También está claro que la distancia de Acosta del "mantel" oficial trae sus consecuencias políticas. Es acaso el golpe más fuerte contra la imagen presidencial que ha sido tema recurrente explotado por los medios desde inicios del gobierno: el autoritarismo, la intolerancia, el irrespeto al pensamiento ajeno, la conducta antidemocrática, en definitiva. Acosta salvó su imagen, pues la ecuanimidad para aceptar el debate como   recurso necesario de la Asamblea, le deja saldos favorables, inclusive de parte de sectores adversos a las tesis de la "revolución ciudadana".


Acaso no esté lejano el día en el que Correa y Acosta midan sus fuerzas en eventos electorales dentro de su movimiento político y aún fuera de él, en procesos democráticos por captar la más alta magistratura del país. Si alguien perdió con la "pugna" fue Correa y si alguien ganó con ella, fue Acosta, previéndose que las proyecciones podrían acrecentarse a futuro.


¿Qué opina el pueblo sobre estos hechos? Curiosamente, aparte de las de los comentaristas políticos por los medios, no   hay reacciones de ninguna naturaleza. La masa es extraña e indiferente, como si de una vez se   hubiese cansado de seguir los pasos de los actuantes políticos, frustrada por los sinsabores de tantas experiencias de las últimas décadas. Lástima que ese pueblo, que exigió cambios a través de su voto en las urnas, empiece otra vez a presentir frustraciones y como que han dado por repetirse, con caras nuevas €“y muchas no tan nuevas, ya desgastadas- las mismas historias de siempre.

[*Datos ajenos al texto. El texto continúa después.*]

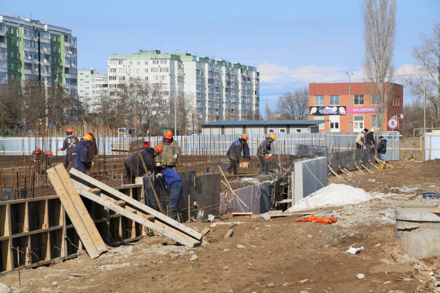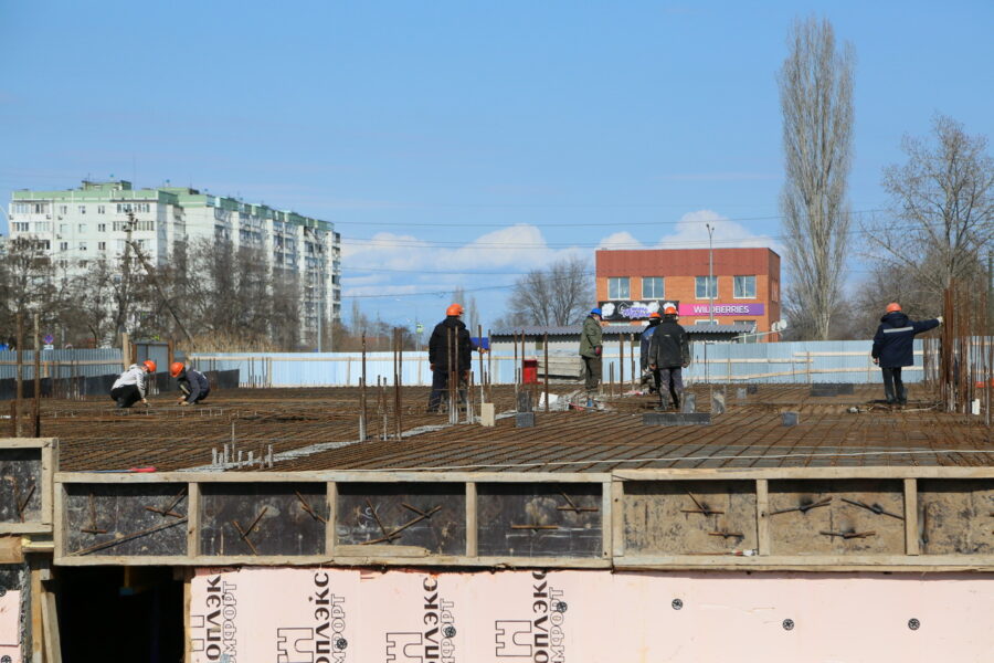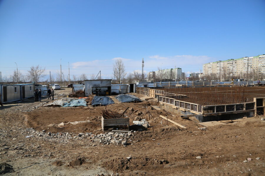 Сейчас на стройке работает 20 человек. Выполняется армирование плиты перекрытия подвального помещения, на этой неделе ожидается ее бетонирование. В ближайшее время подрядчик приступит к армированию колонн диафрагмы жесткости первого этажа.

El nuevo Presidente de la Asamblea tiene el difícil reto de recuperar las esperanzas que la mayoría abrumadora de los ecuatorianos depositó en esa instancia constitucional, empezando por evitar que prosperen las semejanzas entre las desprestigiadas sesiones del Congreso y las de la Asamblea, con "honorables" cubriéndose la boca con esparadrapos o cosiéndose los labios.